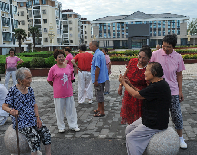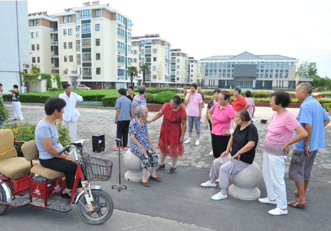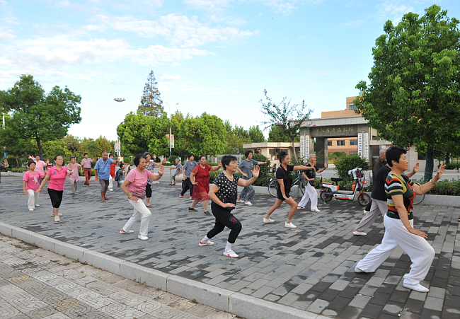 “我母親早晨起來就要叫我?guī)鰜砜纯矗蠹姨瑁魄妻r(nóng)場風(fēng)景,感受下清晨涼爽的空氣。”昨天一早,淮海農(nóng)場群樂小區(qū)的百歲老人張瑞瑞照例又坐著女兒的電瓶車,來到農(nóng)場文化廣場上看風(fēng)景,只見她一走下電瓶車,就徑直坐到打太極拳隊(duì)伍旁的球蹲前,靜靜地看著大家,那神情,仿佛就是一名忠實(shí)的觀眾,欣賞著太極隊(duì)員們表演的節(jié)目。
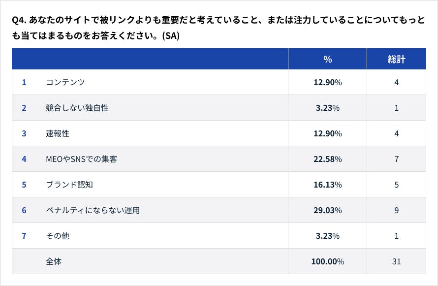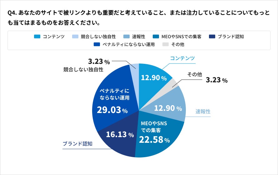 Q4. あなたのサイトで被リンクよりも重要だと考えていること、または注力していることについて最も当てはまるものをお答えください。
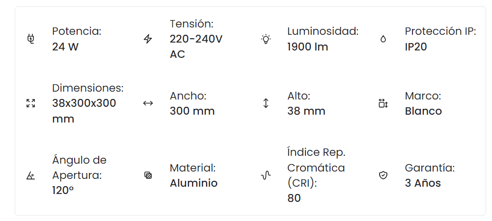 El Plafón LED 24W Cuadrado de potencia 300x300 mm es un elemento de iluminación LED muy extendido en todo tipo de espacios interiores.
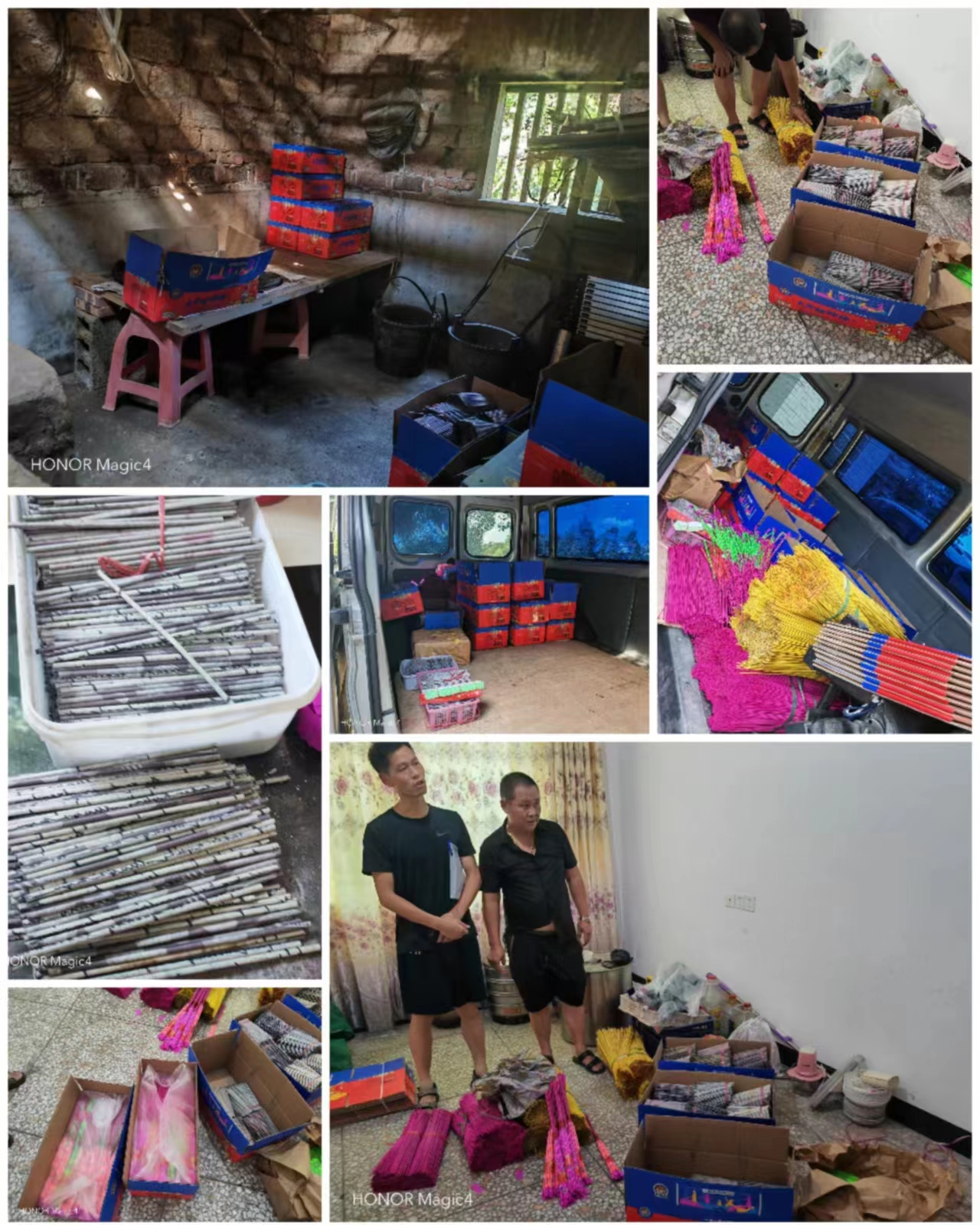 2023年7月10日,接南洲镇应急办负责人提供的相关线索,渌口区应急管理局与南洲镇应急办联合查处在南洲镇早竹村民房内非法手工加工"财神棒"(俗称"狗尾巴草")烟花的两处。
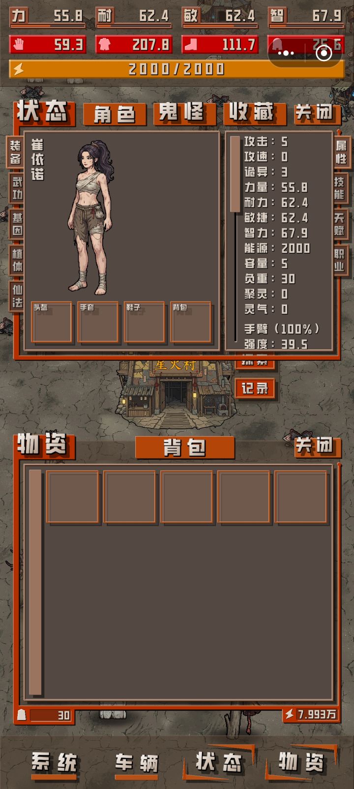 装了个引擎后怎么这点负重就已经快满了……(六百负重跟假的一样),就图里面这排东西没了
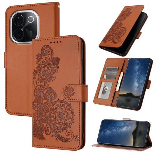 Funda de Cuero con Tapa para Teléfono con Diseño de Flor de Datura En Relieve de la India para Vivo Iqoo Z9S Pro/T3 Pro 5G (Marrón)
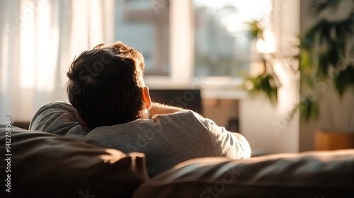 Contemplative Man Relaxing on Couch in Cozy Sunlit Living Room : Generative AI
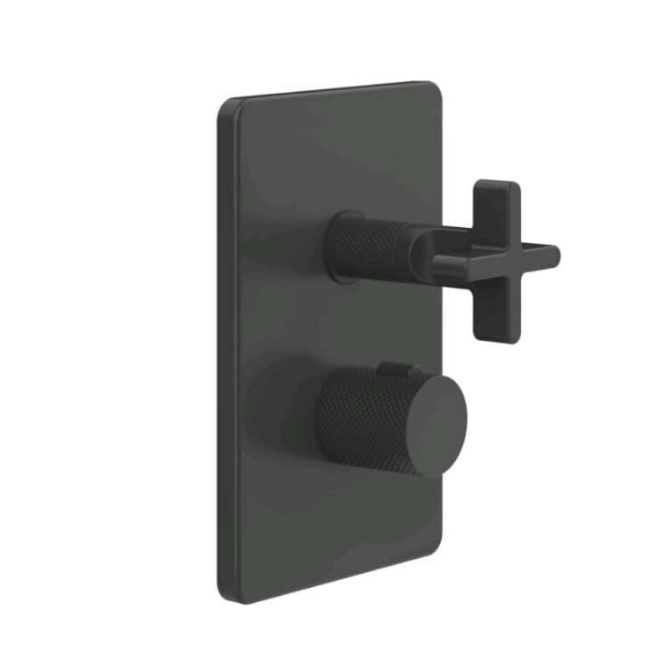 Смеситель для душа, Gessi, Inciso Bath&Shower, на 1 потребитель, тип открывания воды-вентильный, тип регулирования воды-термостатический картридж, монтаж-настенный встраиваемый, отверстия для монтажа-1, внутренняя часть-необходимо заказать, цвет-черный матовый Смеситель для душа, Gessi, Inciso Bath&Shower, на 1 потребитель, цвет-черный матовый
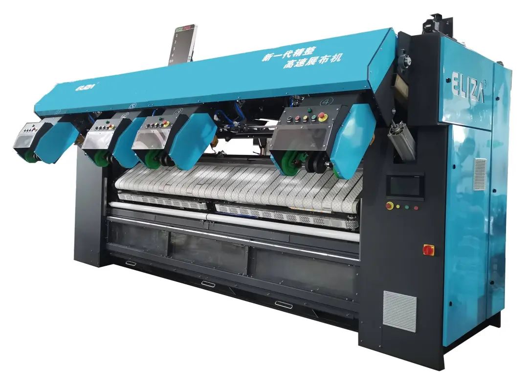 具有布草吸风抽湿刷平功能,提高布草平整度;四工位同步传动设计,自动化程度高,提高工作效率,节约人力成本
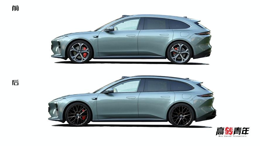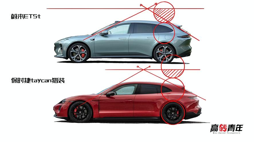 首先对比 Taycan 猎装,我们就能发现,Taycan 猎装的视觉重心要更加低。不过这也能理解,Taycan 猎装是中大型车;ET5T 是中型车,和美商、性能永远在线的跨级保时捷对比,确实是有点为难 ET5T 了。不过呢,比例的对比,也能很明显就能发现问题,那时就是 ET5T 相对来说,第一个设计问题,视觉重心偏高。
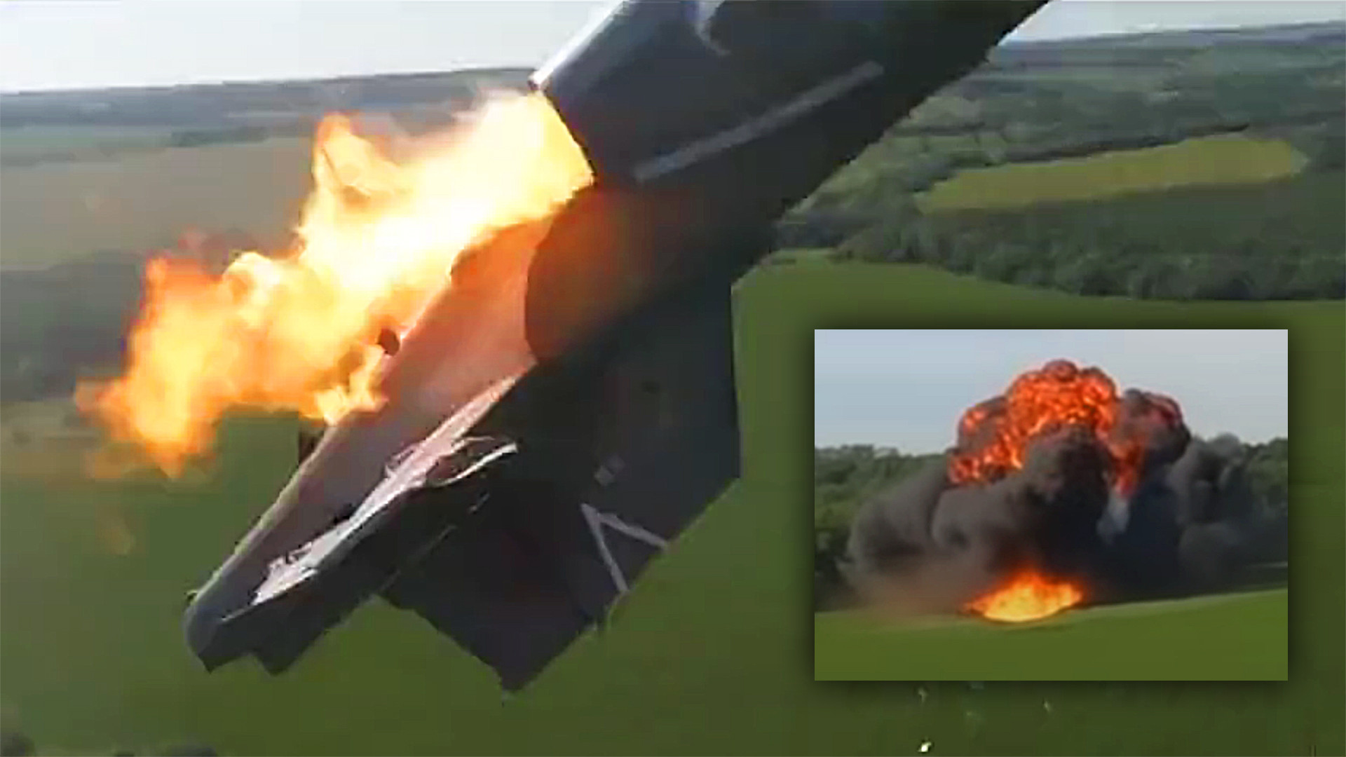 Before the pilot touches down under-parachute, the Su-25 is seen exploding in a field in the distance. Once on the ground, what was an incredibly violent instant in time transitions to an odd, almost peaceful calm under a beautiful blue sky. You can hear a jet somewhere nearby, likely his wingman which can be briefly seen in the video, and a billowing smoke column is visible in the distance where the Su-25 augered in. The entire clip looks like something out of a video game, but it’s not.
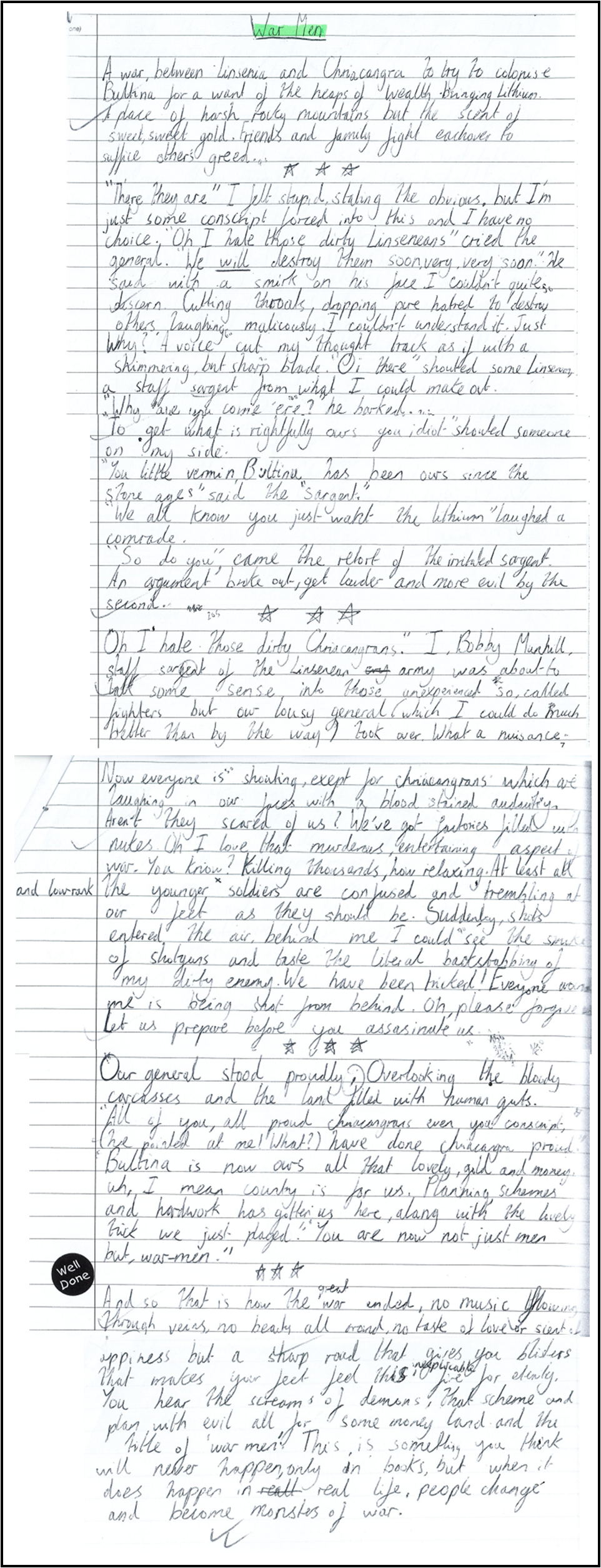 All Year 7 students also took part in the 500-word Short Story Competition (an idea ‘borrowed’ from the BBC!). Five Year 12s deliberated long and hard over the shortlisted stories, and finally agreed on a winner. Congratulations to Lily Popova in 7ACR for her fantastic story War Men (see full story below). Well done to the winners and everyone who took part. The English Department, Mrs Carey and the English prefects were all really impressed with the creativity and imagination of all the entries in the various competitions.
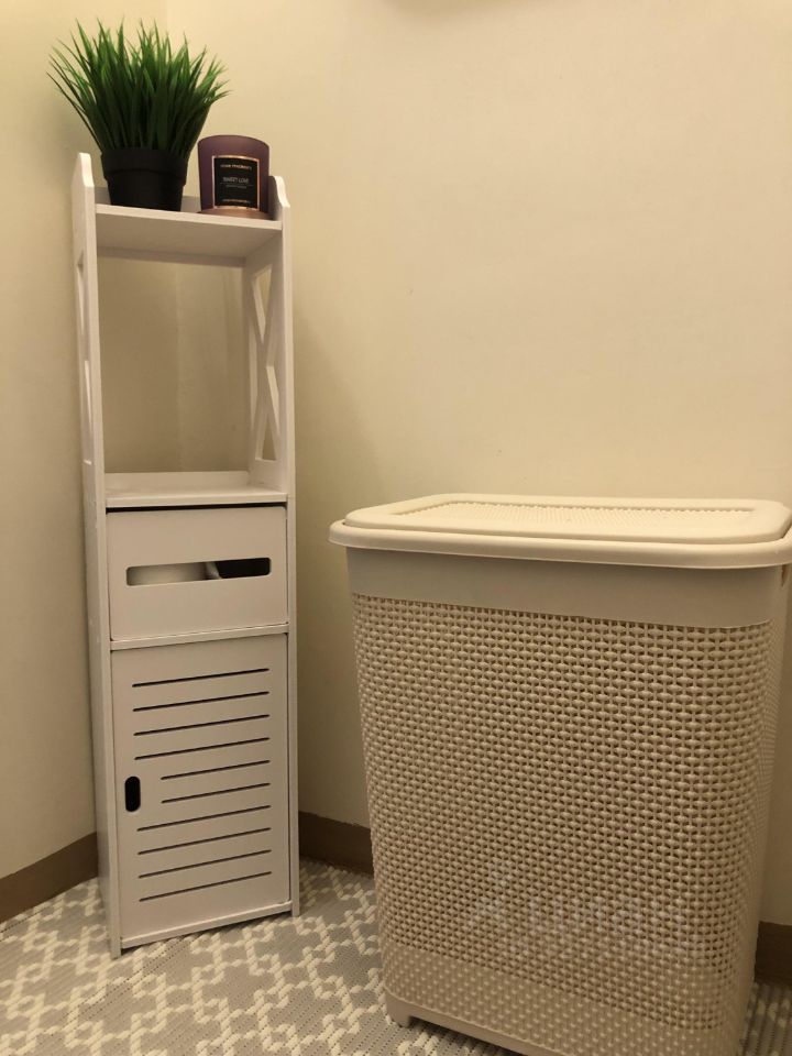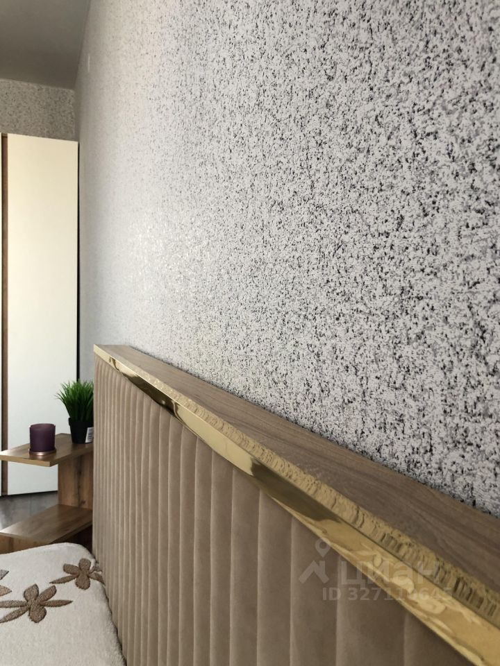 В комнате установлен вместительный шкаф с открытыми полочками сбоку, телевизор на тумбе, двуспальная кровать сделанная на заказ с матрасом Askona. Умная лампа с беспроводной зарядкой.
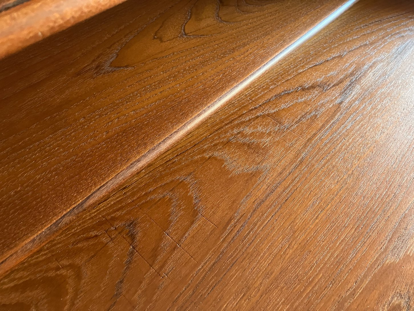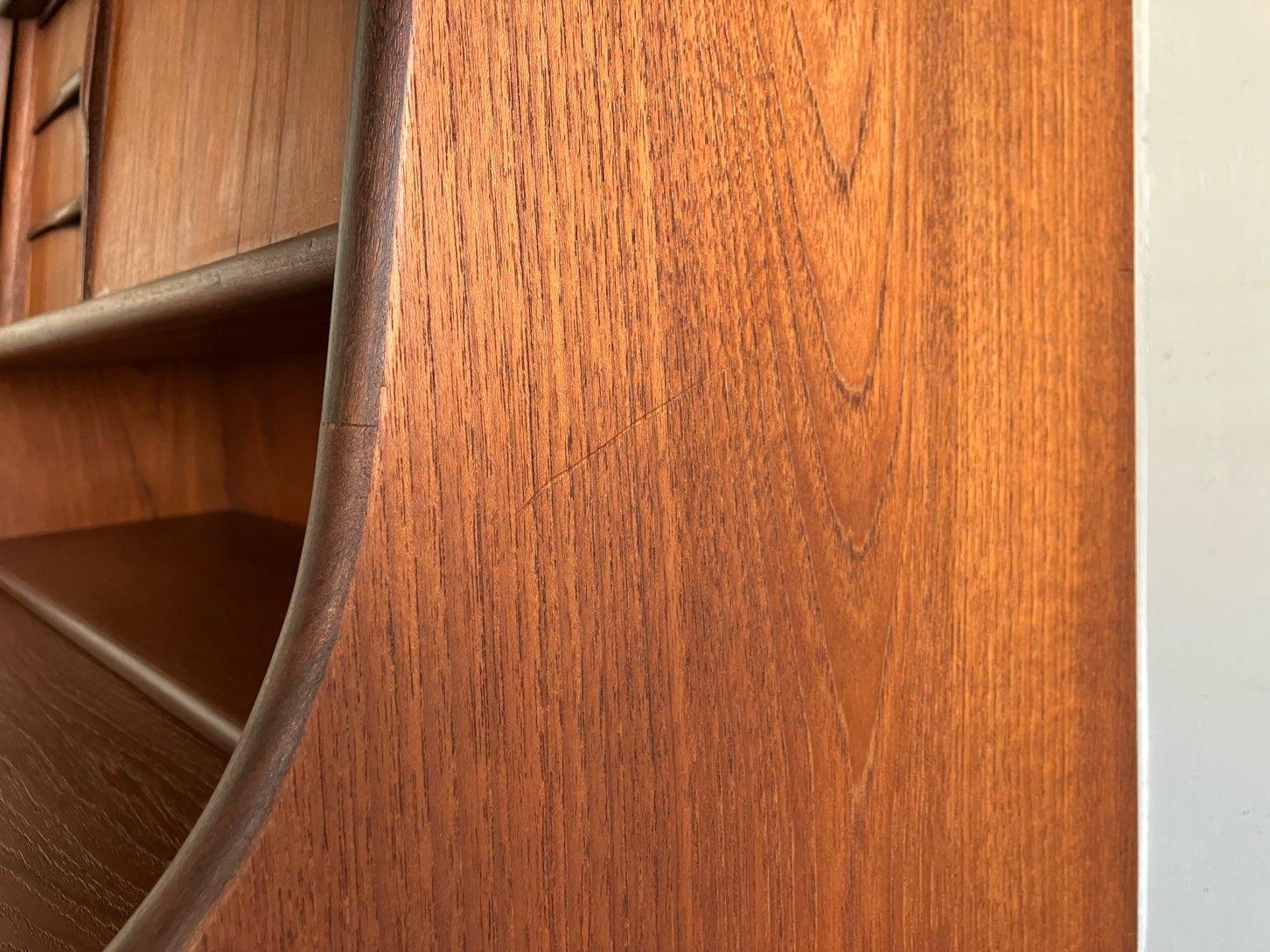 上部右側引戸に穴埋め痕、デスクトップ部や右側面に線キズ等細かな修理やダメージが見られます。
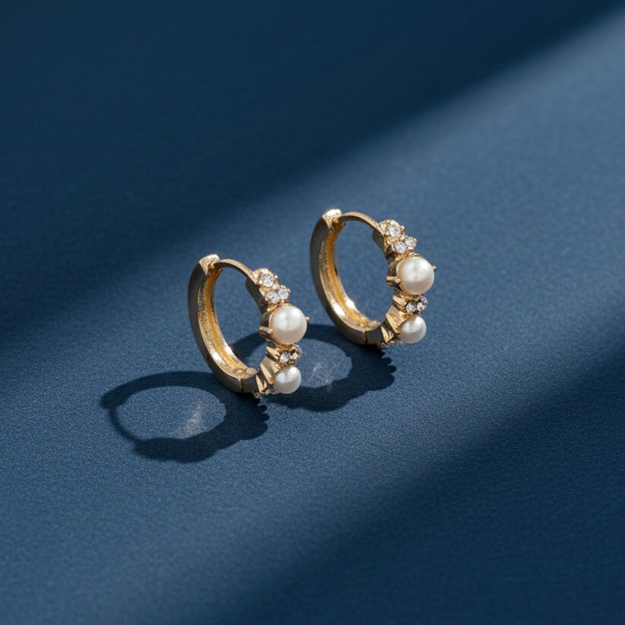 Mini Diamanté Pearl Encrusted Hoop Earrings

+ + + +

### TASK DESCRIPTION:
Set down all the material exactly once more. No pictures.

### ANSWER SECTION:
 “我母親早晨起來就要叫我?guī)鰜砜纯矗蠹姨瑁魄妻r(nóng)場風(fēng)景,感受下清晨涼爽的空氣。”昨天一早,淮海農(nóng)場群樂小區(qū)的百歲老人張瑞瑞照例又坐著女兒的電瓶車,來到農(nóng)場文化廣場上看風(fēng)景,只見她一走下電瓶車,就徑直坐到打太極拳隊(duì)伍旁的球蹲前,靜靜地看著大家,那神情,仿佛就是一名忠實(shí)的觀眾,欣賞著太極隊(duì)員們表演的節(jié)目。
 Q4. あなたのサイトで被リンクよりも重要だと考えていること、または注力していることについて最も当てはまるものをお答えください。
 El Plafón LED 24W Cuadrado de potencia 300x300 mm es un elemento de iluminación LED muy extendido en todo tipo de espacios interiores.
 2023年7月10日,接南洲镇应急办负责人提供的相关线索,渌口区应急管理局与南洲镇应急办联合查处在南洲镇早竹村民房内非法手工加工"财神棒"(俗称"狗尾巴草")烟花的两处。
 装了个引擎后怎么这点负重就已经快满了……(六百负重跟假的一样),就图里面这排东西没了
 Funda de Cuero con Tapa para Teléfono con Diseño de Flor de Datura En Relieve de la India para Vivo Iqoo Z9S Pro/T3 Pro 5G (Marrón)
 Contemplative Man Relaxing on Couch in Cozy Sunlit Living Room : Generative AI
 Смеситель для душа, Gessi, Inciso Bath&Shower, на 1 потребитель, тип открывания воды-вентильный, тип регулирования воды-термостатический картридж, монтаж-настенный встраиваемый, отверстия для монтажа-1, внутренняя часть-необходимо заказать, цвет-черный матовый Смеситель для душа, Gessi, Inciso Bath&Shower, на 1 потребитель, цвет-черный матовый
 具有布草吸风抽湿刷平功能,提高布草平整度;四工位同步传动设计,自动化程度高,提高工作效率,节约人力成本
 首先对比 Taycan 猎装,我们就能发现,Taycan 猎装的视觉重心要更加低。不过这也能理解,Taycan 猎装是中大型车;ET5T 是中型车,和美商、性能永远在线的跨级保时捷对比,确实是有点为难 ET5T 了。不过呢,比例的对比,也能很明显就能发现问题,那时就是 ET5T 相对来说,第一个设计问题,视觉重心偏高。
 Before the pilot touches down under-parachute, the Su-25 is seen exploding in a field in the distance. Once on the ground, what was an incredibly violent instant in time transitions to an odd, almost peaceful calm under a beautiful blue sky. You can hear a jet somewhere nearby, likely his wingman which can be briefly seen in the video, and a billowing smoke column is visible in the distance where the Su-25 augered in. The entire clip looks like something out of a video game, but it’s not.
 All Year 7 students also took part in the 500-word Short Story Competition (an idea ‘borrowed’ from the BBC!). Five Year 12s deliberated long and hard over the shortlisted stories, and finally agreed on a winner. Congratulations to Lily Popova in 7ACR for her fantastic story War Men (see full story below). Well done to the winners and everyone who took part. The English Department, Mrs Carey and the English prefects were all really impressed with the creativity and imagination of all the entries in the various competitions.
 В комнате установлен вместительный шкаф с открытыми полочками сбоку, телевизор на тумбе, двуспальная кровать сделанная на заказ с матрасом Askona. Умная лампа с беспроводной зарядкой.
 上部右側引戸に穴埋め痕、デスクトップ部や右側面に線キズ等細かな修理やダメージが見られます。
 Mini Diamanté Pearl Encrusted Hoop Earrings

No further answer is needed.